Social Justice

'Butterfly' is game-changing TV for transgender kids and their parents

ITV drama 'Butterfly' is centred around a young trans girl. Adrian Lobb interviews Susie Green, CEO of trans charity Mermaids, about a dramatic change in attitude around the issue in recent years

Child referrals for gender identity issues have rocketed in the last decade; from 97 in 2009-10 to 2,519 last year, a rise of more than 2,000 per cent. Heated debate continues, but often the loudest voices about transgender issues are not the most informed. On the rise in child referrals, experts say there’s more information about gender issues than ever before, and so a greater awareness.

Now a new TV drama, Butterfly—focusing on a young trans girl—is telling the human story behind the figures. Susie Green, CEO of Mermaids, a charity that supports gender-diverse children and their families, and which advised in the making of the new show, says there has been a chilling change in atmosphere in recent years.

“About 18 months ago, it seemed to kick off with a really massive push against trans women and trans kids in particular,” she says. “The narrative is that ‘children can’t possibly know’ and that it is ‘child abuse’ to do anything other than make them live as their birth gender. That causes an environment of fear,” she says. “The backlash is not from experts. We get a lot of people who have nothing to do with transgender people and maybe have never met a transgender child saying what is best for trans kids.”

Into this heightened atmosphere comes Butterfly, which stars Anna Friel and Emmett J Scanlan as the estranged parents of young Max, played by Callum Booth-Ford.

Max has identified as a girl from a very young age. Enforced football has, unsurprisingly, failed to change her conviction that she is a girl – despite her desire to please dad Stephen. So, at home, after initial resistance from her mother, she has been quietly living as Maxine when the series begins. But when she wants to start living openly as Maxine? That’s when life becomes more difficult.

The series has to perform a tricky balancing act. It must entertain, accurately represent trans children and their families, and educate.

“It could be a real gamechanger for trans kids and their families,” says Green. “It addresses some of those preconceptions and tells the story from a really human place. You identify with the people and their struggle – and for a lot of families it is a real struggle. It shows this isn’t something that happens overnight. Maxine didn’t put on a dress and immediately her mum said, ‘Oh, you must be a girl, then.’ It shows that it is about parents listening to their children.”

Writer Tony Marchant and the cast spent time talking to trans kids and their families ahead of filming. Stories were shared, and the actors were left shocked by anecdotes of grown adults spitting in children’s faces at the school gates.
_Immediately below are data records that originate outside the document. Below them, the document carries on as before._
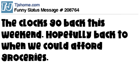 X is The clocks go back this weekend. Hopefully back to when we could afford groceries.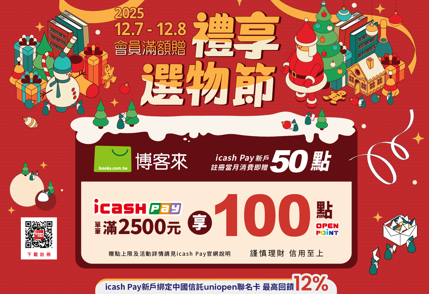 同享【icash Pay新戶綁定中國信託uniopen聯名卡加碼最高12%回饋】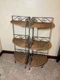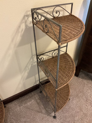 Two metal-framed corner shelving units with three wicker shelves on each, featuring decorative scrollwork on the metal frame. 36 inches tall and each side comes out from the corner 13 inches

One little girl who was nine, her mum was talking about the issues they have had with bullying at the school. She told them about the time her daughter came home from school and there was a size eight footprint in the middle of her bag.

Green has lived through this. She became involved with Mermaids when her daughter Jackie, now 25, was six. At 13, Jackie was beaten up by two 40-year-old men because she was trans. Proudly, she discloses how her daughter is now seen as “a bit of a rock star” by some of the younger trans girls. “She is tall, she is gorgeous, she is very confident.”

“She had told me at four that she was a girl,” recalls Green. “Everybody was telling me to force boy stuff on her. I was told I needed to make her play with an Action Man. I’d say ‘You are a boy who likes girl things, and that is fine’, but she was really clear about it. ‘No, I am a girl.’

“That is why Butterfly is so important. Because kids know. Children go through periods of gender non-conformity and will express themselves in different ways. But you can’t make anybody trans. And you can’t make anybody not be trans. What you can do is shame people into not talking about who they are because it is too difficult.”

Green’s advice to parents in a similar situation is simple. 

“Support them. Love them. Make them know they are loved and supported, and they will work it out. But if you try to force an identity on someone because it doesn’t fit with your sense of how the world should be, all you are going to do is make them ashamed.”